A splash of coffee here, a snag there, and suddenly your new blouse has lost its luster.
“Life takes a toll on what we wear, but with proper care, you can keep your wardrobe fresh and looking new,” says Jenny B. Davis, stylist, fashion journalist and author of the second edition of Style Wise: A Practical Guide to Becoming a Fashion Stylist. “It’s not about expensive solvents or imported gadgets or sprays. It’s about paying attention. Check your clothes and shoes at the end of each day—if there’s a problem, deal with it right away.”
Davis says there are many quick fixes to help combat daily obstacles—stains, slow fades, yellowing and tears—and keep our wardrobe in top shape.
Put Your Best Foot Forward
Waterproof your shoes—canvas, leather, suede—and if they have leather soles, have rubber soles and heels put on before you wear them. Proper storage practices are crucial, too. “Use boot shafts or rolled up magazines in your boots to keep the shape,” says Davis. Dropped a pizza slice on your suede? Add enough cornstarch to cover the greasy spot, press down firmly, and let it sit overnight; then brush lightly with a suede brush. Salt stains? One tablespoon of vinegar in one cup of water, a once-over with a rag and they should disappear.
Brighten Your Whites
Keep your whites bright by adding a half-cup of baking soda or white vinegar to your wash, and dial back your machine to warm instead of washing on hot—the always-launder-whites-on-hot myth is simply that. Skip the fabric softener, which can leave a residue over time, and chlorine bleach, which can destroy fabrics and turn whites yellow. Nature, says Davis, is the best whitener around. “If you can air-dry outside, the sun’s ultraviolet rays naturally brighten—plus, they’ll smell fresh without you spending a penny.”
Keep It Cool
Washing clothes in cool water could extend their life, as lower temps can help prevent shrinkage and color fade—your wardrobe’s biggest enemies. Keep black jeans from going prematurely gray by turning them inside-out, then launder in detergent specifically for darks. Air-dry jeans, delicates and stretchy workout clothes—and anything with elastic, such as underwear—because high heat could be damaging. No time to wait for the sunrays to do the work? Machine dry on low or cool. “People forget there’s more than one setting,” says Davis. “Too much heat will destroy fabric faster than anything. For proof, check your lint trap—that soft fuzz is a result of your clothes being worn away by the dryer.”
Don’t Sweat It
Forget about dry-cleaning your wool and cashmere sweaters; the harsh chemicals can break down their delicate fibers. To get more wear out of your sweaters, layer up—add a tee or camisole underneath to absorb oils and odor, then simply air them out at night. When you do wash them, be gentle. “I use baby shampoo or dish soap with water that’s just warm enough to make it bubble,” says Davis. For de-pilling, she recommends a sweater comb (about $3).
Clear The Air
Take clothes out of those flimsy plastic dry-cleaning bags, which can encourage the growth of mildew, and hang them in breathable cloth garment bags instead. For foldables—like tees and sweaters—plastic boxes are better than cardboard, which can attract bugs. Add lavender sachets or unwrapped bars of soap to keep the pests away—and your clothes smelling fresh. “Always clean clothes before you pack them for the season,” says Davis, “and don’t stuff too tightly—stack loosely so air can circulate.” Something still smelling funny? “A very light spritz of rubbing alcohol will send musty smells packing.”

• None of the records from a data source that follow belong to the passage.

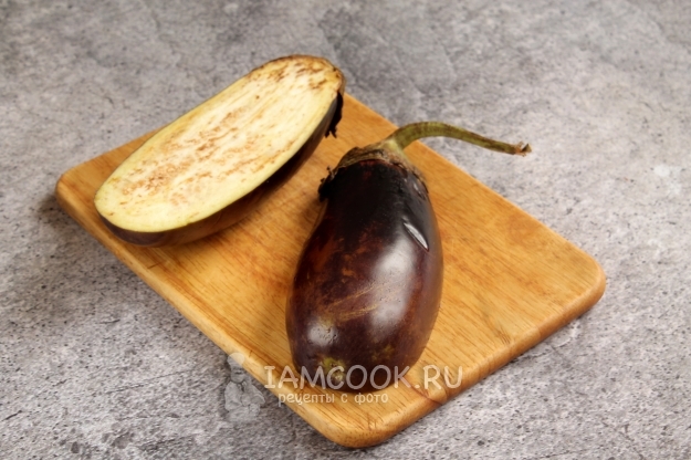 Чистый баклажан делим пополам.
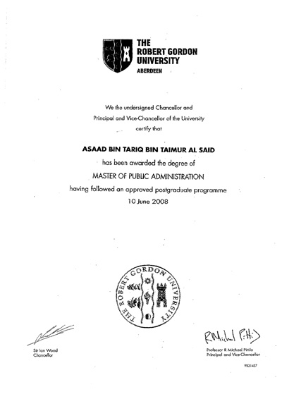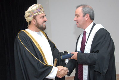 تسلمَّ صاحبُ السُّموِّ السَّيد أسعَد بن طارقِ آل سعيد – رئيسِ مجلسِ أمناء جامعةِ نزوى- اليومَ الثلاثاء (4/11/2008م) شهادةَ ماجستير في الإدارةِ العامةِ من جامعةِ روبرت جُوردن، تسلَّمها سموُّه من نائبِ رئيسِ جامعةِ روبرت غوردن، وقد تشرفتِ جامعةُ نزوى برعايةِ هذا الحدثِ في حرَمِها المبدئي ببركةِ الموز.
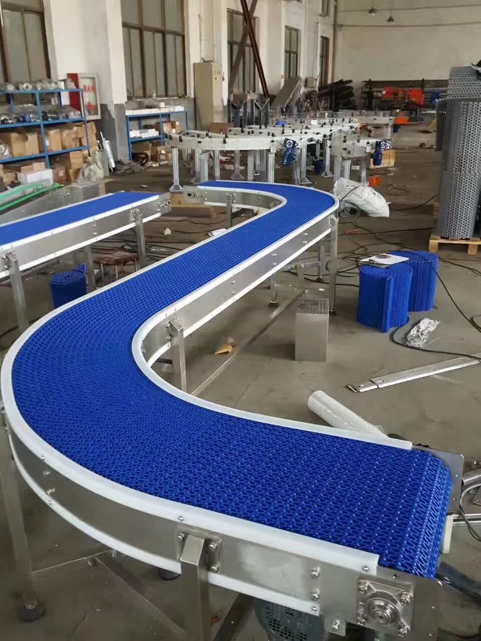 产品:模组式输送网带 名称:模组式单元输送网带 口号:创新革命,领先的现代化输送带。我们有足够的解决方案帮你制造出畅通无阻的机器,为您提供全面的传动及输送解决方案 内容:我们有一种高科技的输送带产品,他也是输送带行业的革命性产品,模组式单元塑料输送网带。任何不可能的使用方式都变成可能。5936平格塑钢输送带一切为了更高效率的生产要求。 功能及优点:A,寿命长,免维护,易清洗,抗腐蚀,耐高温。B,所有以前容易产生问题的输送带都可以解决,免除停工维修带来的经济受到伤害。(问题:经常更换,跑偏,不耐油,不抗腐蚀,不能长期在水中工作,不能长期在冷冻的环境下工作,不精准,) C,加档板,加裙边,加强基带,附加耐磨物体等等都轻而易举得到处理。D,转弯机输送带,放旋转式车输送带,吸真空输送带,提升机输送带。等等方式都非常简单 E特殊性功能:抗菌要求,食品级FDA认证要求,耐高低温要求达到-80度+180度,防静电10三次方到10九次方要求,载重量大(可达到 2000KG )。食品输送机设备PP网带广阔的发展远景为何选用模塑传送带 创造真正价值的解决方案。
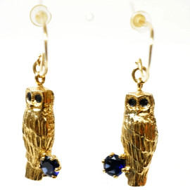 Paio di orecchini di bigiotteria a forma di gufo, cm 3,5
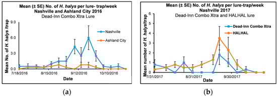 Mean (±SE) number of adult and immature Halyomorpha halys collected per trap/week in soybeans from (a) July to October 2016 in Nashville (Davidson County) and Ashland City (Cheatham County), Tennessee using a Dead-Inn Combo Xtra lure (combined Dead-Inn H. halys and Harlequin bug lures) with H. halys pyramid traps (b) July to October 2017 conducted in Nashville (Davidson County), Tennessee using two H. halys lures (Dead-Inn Combo Xtra [combined Dead-Inn H. halys and Harlequin bug lures] and HALHAL 25) with H. halys pyramid traps.
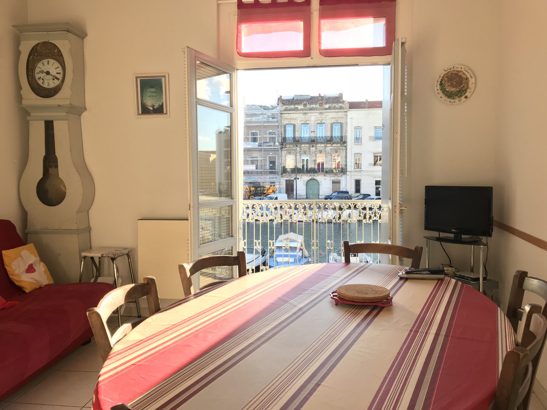 Pièce à vivre avec cuisine ouverte, coin repas, salon, balcon vue canal
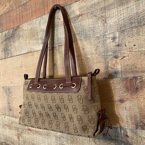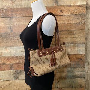 Vintage Dooney & Bourke Tan Signature Jacquard Small Hobo Bag
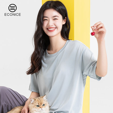 带胸垫睡衣女夏薄款冰丝凉感短袖短裤可外穿大码莫代尔家居服套装
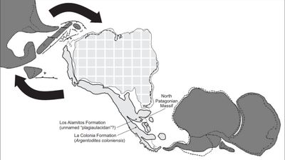 La Colonia Formation is een geologische laag in de provincie Chubut, samengesteld uit zandsten, leisteen en modderrots die tot 240 meter dik worden op sommige plaatsen. De rotslagen strekken zich uit over de regio en bevatten overvloedige fossielen uit de Laat-Krijt periode.
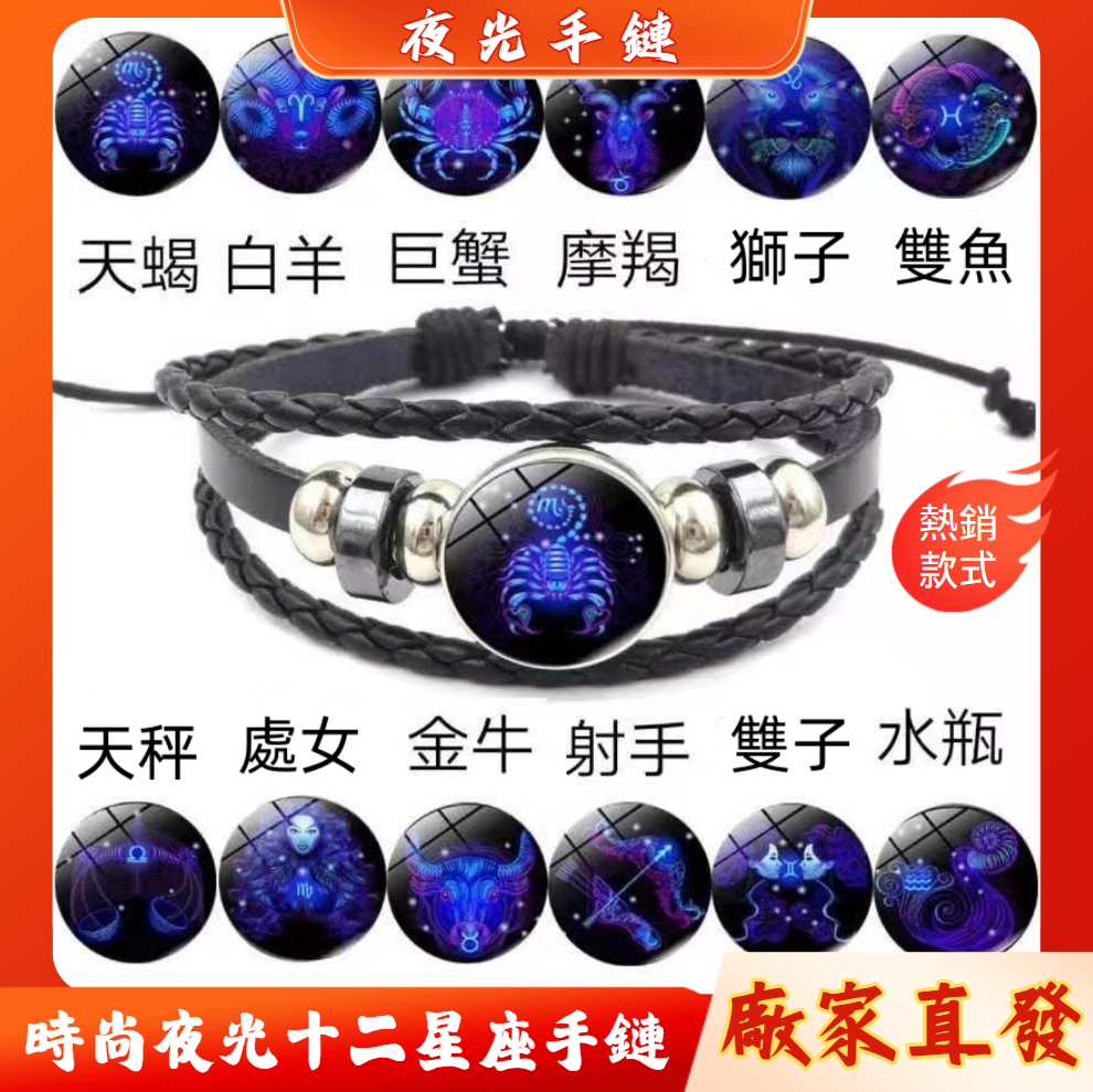 2分鐘前十二星座手鍊情侶皮手鍊多層編織時尚,夜光十二星座手環飾品小清新 - 【夜光十二星座手鍊 六入組】
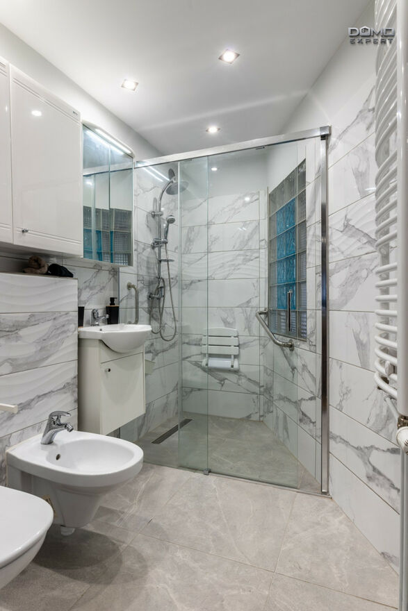 - łazienka z WC, prysznicem i pralką,
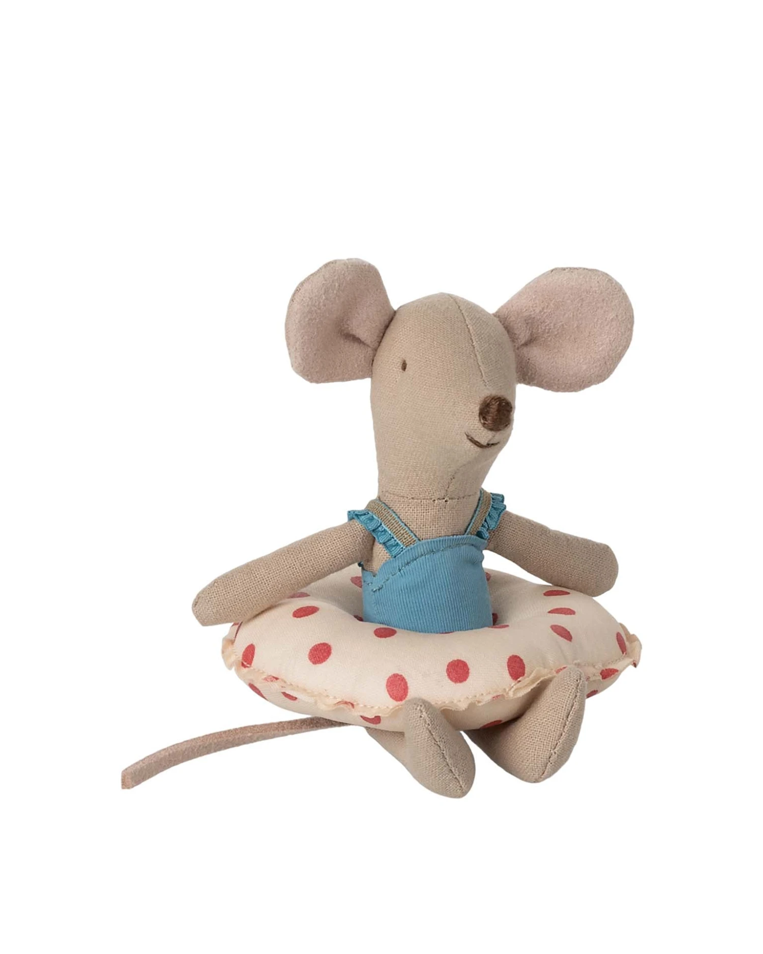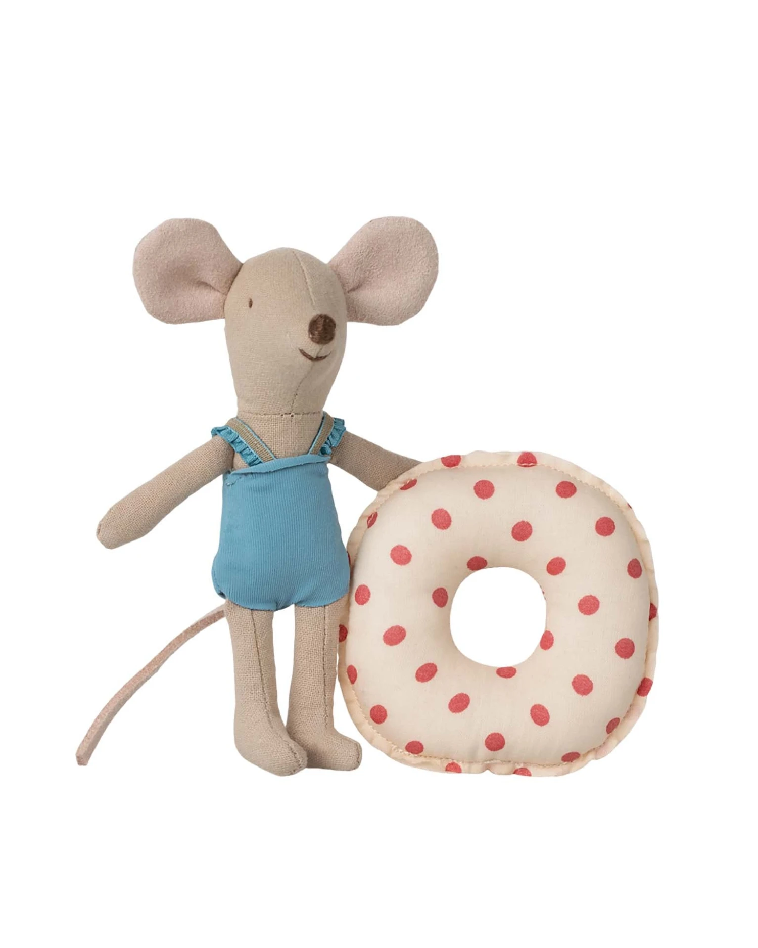 This summer set contains a little sister mouse dressed in a blue colored swimsuit with her red dotted float around the stomach. She is now ready for a safe swim in the sea.
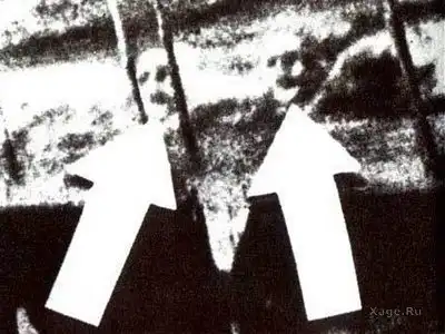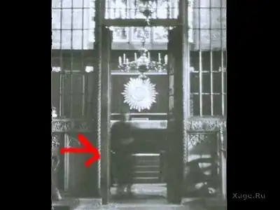Однако после проявки на фотографии было замечено размытая фигура человека, взбирающегося по лестнице, держась обеими руками за перила.
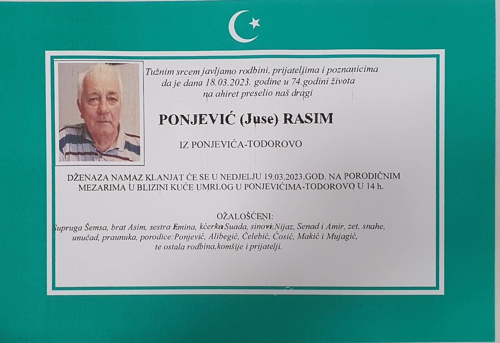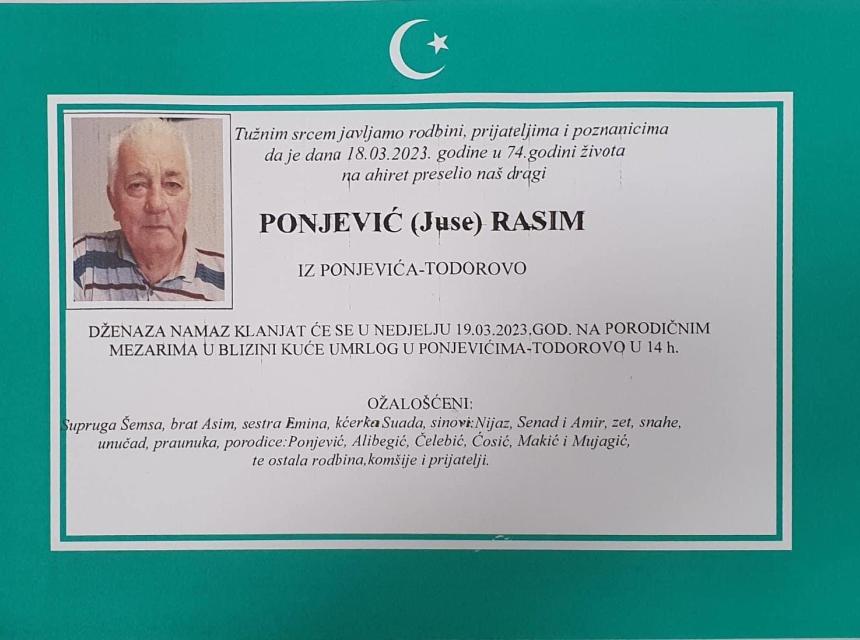 Tužnim srcem i bolom u duši javljamo rodbini, prijateljima i komšijama da je naš dragi Ponjević (Juse) Rasim, dana 18.03.2023. godine u 74-oj godini života, preselio na Ahiret.
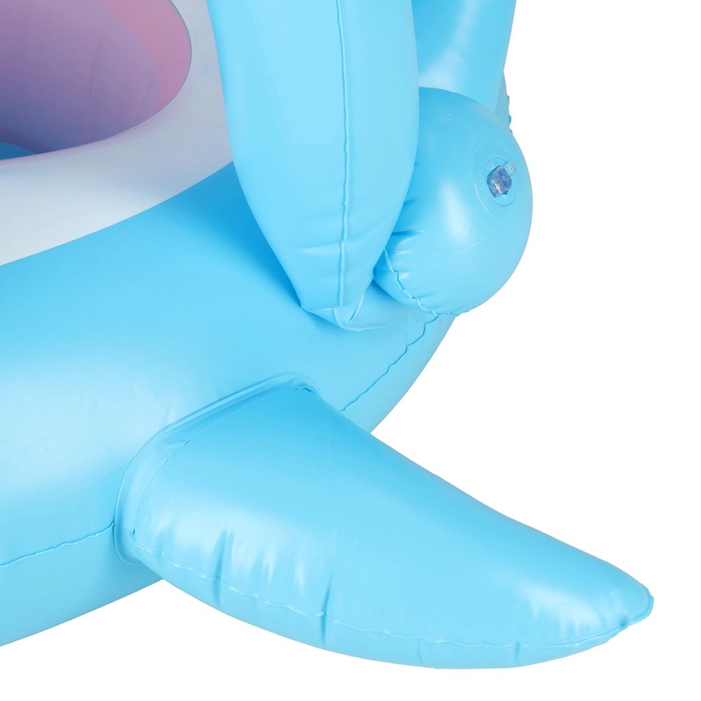 Iebūvētā jumtiņa tipa nojume samazina saules iedarbību un palielina bērna komfortu arī ilgākas uzturēšanās laikā ūdenī.
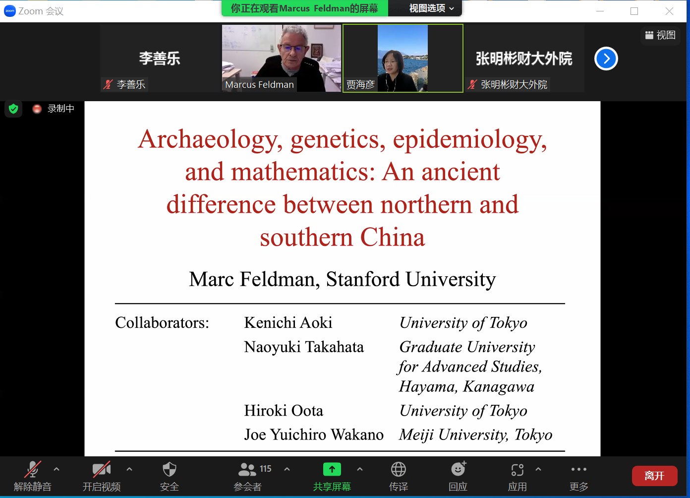 此次讲座采取了同声传译的翻译方式,借助zoom软件同时提供中英文两个频道。Feldman教授的精彩演讲引起了与会师生的强烈兴趣,大家与Marcus W. Feldman教授进行了充分的互动交流。

Chocolate, red wine and coffee spills are tough. Club soda can help dissolve them but the rule with all stains is to act quickly. Keep stain sticks in your purse or glove box to minimize the spot until you can get home, then pre-treat with a fizzy, peroxide-based stain removal product and repeat, if necessary, until the stain is gone. “It sometimes takes patience,” says Davis. “You’re trying to save something, so you may have to put in the time, but if you can wear it again, it’s worth it.”